Теперь мне становился ясным его простой и умный план. Связист отказался от попытки соединить провод на месте разрыва, на полотне, представлявшем собой мишень для немецких пуль. Он присоединил провод, намотанный на катушку, к поврежденному проводу, а самую катушку перекинул через насыпь. Если ему удастся благополучно перелезть через полотно — дело выиграно. По ту сторону растет густой кустарник, который надежно укроет его от вражеских пуль.
А Васильев отполз дальше в сторону. Он отдалился метров на двести от места разрыва провода, затем двинулся к насыпи. У него был хороший шанс. Если его сейчас не откроют, то появление его на насыпи будет для немцев неожиданностью. Только удастся ли ему все-таки проползти?..

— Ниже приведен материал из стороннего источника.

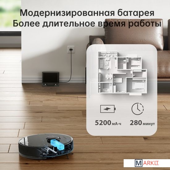 Комплектация Робот-пылесосРезервуар для воды с тряпкойБазовая станцияЗапасная боковая щеткаИнструмент для очисткиКабель питания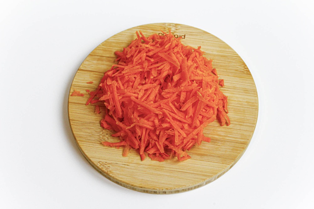 Морковь промыть и аккуратно очистить от кожуры и натереть на крупной терке.

Васильев — у края насыпи. Он лежит некоторое мгновение тихо, не то прислушиваясь, не то отдыхая. Я невольно задерживаю дыхание. Вот сейчас он поднимет голову. Вспыхнет или не вспыхнет пыльный столбик разрыва? Но совершенно неожиданно Васильев рывком выбрасывается из-за насыпи на самое полотно. Связист и не думает скрываться. Он прыгает из стороны в сторону, плашмя ложится на землю, катится к противоположному краю и скрывается там.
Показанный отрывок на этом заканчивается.